Use the heat map — or a simplified version of it — as a coarse screening tool. Identify your top 10-15 risks by rough severity. Then apply scenario-based analysis to those. The Pareto principle holds: a small number of risks account for the majority of your exposure. Invest your analytical effort where it matters most.
For the remaining risks, a simpler qualitative assessment is sufficient. Not every risk warrants a full scenario analysis. The goal is to concentrate rigour on the risks that drive the most significant decisions.
The cultural shift
The deeper change is cultural. Risk management in most organisations is treated as a compliance exercise — something you do because the framework requires it, reviewed when the auditor asks, and largely disconnected from operational decisions.
Effective risk management is a strategic function. It informs where the security team invests its limited resources. It shapes architectural decisions, vendor selection, and incident response priorities. It gives leadership a clear picture of the organisation's risk posture — not in abstract colours, but in terms they can act on.
This shift does not happen overnight, and it does not happen by changing your methodology alone. It requires that risk discussions become a regular part of leadership conversations, that risk assessments are updated when the threat landscape changes (not just at audit time), and that the output of risk analysis visibly influences decisions.
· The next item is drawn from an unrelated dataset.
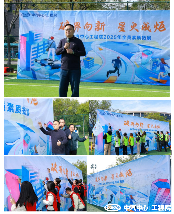 當午后陽光驅散晨寒,全體員工齊聚拓展賽場。工程院黨委書記、副總經理(主持工作)張志國作開賽動員:“今日天氣正如汽車產業破界融合之路——晨時低溫似轉型陣痛,此刻暖陽如破局曙光!只要我們心在一起,定能跨越寒冬,共赴春天!”全體員工在主KV簽名墻鄭重留名,把名字刻進藍圖,將星火聚為烈焰,共同許下與工程院共成長的堅定承諾。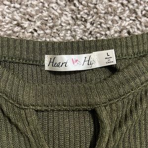Olive off the shoulder top. Never worn. Purchased from a local boutique. I would say this runs small! More for a small/medium.

When a risk assessment leads to a budget approval, a design change, or a policy update, people notice. The practice gains credibility. And the risk register stops being a compliance artifact and starts being what it was always meant to be: a tool for making better decisions under uncertainty.
Start where you are
If you are currently using a 5x5 matrix, you do not need to overhaul your entire practice tomorrow. Start by selecting your top three risks and developing specific scenarios for each. Estimate ranges for probability and impact. Calculate expected loss. Present the analysis alongside the heat map in your next risk review.
The contrast will be instructive — for you and for your stakeholders. The heat map will show a coloured cell. The scenario analysis will show a decision framework. The difference is the distance between performing risk management and actually practising it.